Suppose that the prototype of the filter converter is 64K in length_QWill be 64K_HTapped FIR filter conversion into a set of 64 complex K_H+K_Q-1 tap subband filter. For K_QThe 1024-tap FIR filter is converted to 18-tap sub-band filtering with an approximate quality of 50dB, 3.

The subband filter taps are calculated according to the following formula:

where q (v) is the FIR prototype filter derived from the QMF prototype filter. As can be seen, this is simply a complex filter bank analysis for a given filter h (v).

In the following, the inventive concept will be outlined for further embodiments of the invention, wherein a multi-channel parametric representation for a multi-channel signal having 5 channels is available. Note that in this particular embodiment of the invention, the original 10 HRTF filters V will be used_Y，XA variant (given, for example, by the QMF representation of filters 12a to 12j of fig. 1) is 6 filters for Y ═ L, R and X ═ L, R, C.

10 filters v for Y ═ L, R and X ═ FL, BL, FR, BR, C_Y，XA given HRFT filter response in the hybrid QMF domain is described.
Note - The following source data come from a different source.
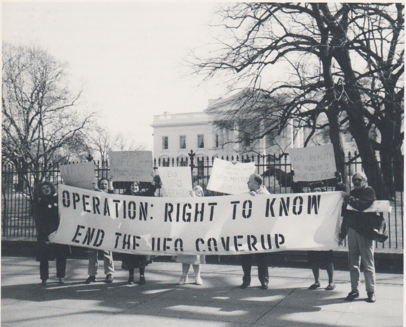
WASHINGTON UFO DEMONSTRATION
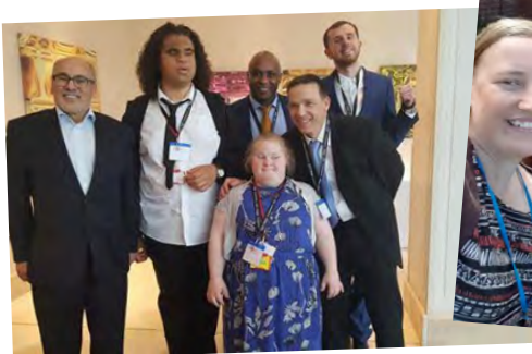
Judo GNO Presentation

In May, representatives from the club were invited to a presentation lunch, hosted by the Gentlemen's Night Out charity. We were delighted to attend and hear inspirational stories of individuals and groups they support, and were humbled to be one of the chosen charities presented with a £1500 cheque.
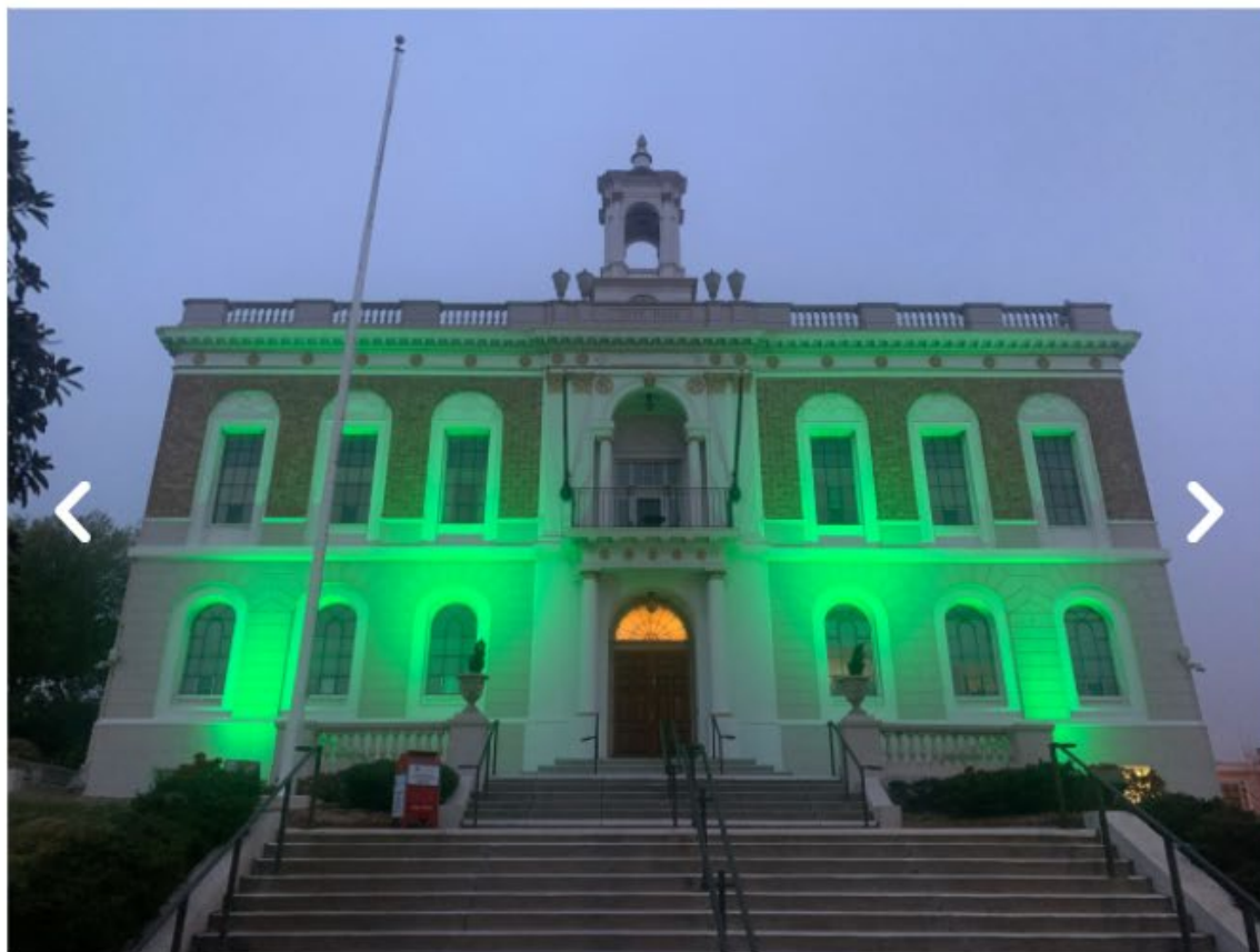
South San Francisco
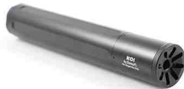
1.22 x 7 inches KOI

Combining the front channel and surround channel filters is performed using a complex linear combination according to the following equation:

h_L，C＝v_L，C

h_R，C＝v_R，C

the gain factor g is determined using the following equation_L，L、g_L，R、g_R，L、g_R，R：

<math> <mrow> <msub> <mi>g</mi> <mrow> <mi>Y</mi> <mo>,</mo> <mi>X</mi> </mrow> </msub> <mo>=</mo> <msup> <mrow> <mo>(</mo> <mfrac> <mrow> <msubsup> <mi>σ</mi> <mi>FX</mi> <mn>2</mn> </msubsup> <msubsup> <mi>CFB</mi> <mrow> <mi>Y</mi> <mo>,</mo> <mi>X</mi> </mrow> <mn>2</mn> </msubsup> <mo>+</mo> <msubsup> <mi>σ</mi> <mi>BX</mi> <mn>2</mn> </msubsup> </mrow> <mrow> <msubsup> <mi>σ</mi> <mi>FX</mi> <mn>2</mn> </msubsup> <msubsup> <mi>CFB</mi> <mrow> <mi>Y</mi> <mo>,</mo> <mi>X</mi> </mrow> <mn>2</mn> </msubsup> <mo>+</mo> <msubsup> <mi>σ</mi> <mi>BX</mi> <mn>2</mn> </msubsup> <mo>+</mo> <mn>2</mn> <msub> <mi>σ</mi> <mi>FX</mi> </msub> <msub> <mi>σ</mi> <mi>BX</mi> </msub> <msub> <mi>CFB</mi> <mrow> <mi>Y</mi> <mo>,</mo> <mi>X</mi> </mrow> </msub> <msubsup> <mi>ICCFB</mi> <mrow> <mi>Y</mi> <mo>,</mo> <mi>X</mi> </mrow> <mi>φ</mi> </msubsup> </mrow> </mfrac> <mo>)</mo> </mrow> <mrow> <mn>1</mn> <mo>/</mo> <mn>2</mn> </mrow> </msup> </mrow> </math>

The parameter CFB is defined in the following manner_Y，X，ICCFB_Y，X ^φAnd phase parameter phi:

the average front/back level quotient (level quotient) per hybrid band of the HRTF filter is defined for Y ═ L, R and X ═ L, using the following equations:

furthermore, a phase parameter Φ is then defined for Y ═ L, R and X ═ L, R_FL，BL ^L、φ_FR，BR ^L、φ_FL，BL ^R、φ_FR，BR ^R：

Wherein complex cross-correlation (CIC) is defined using the following equation_Y，X)_k：

The phase unwrapping is applied to the phase parameter by the subband index k such that for k 0, 1. For the increments, the sign of the increment for the phase measurement in the interval [ -pi, pi ] is chosen in the presence of two choices of + -pi.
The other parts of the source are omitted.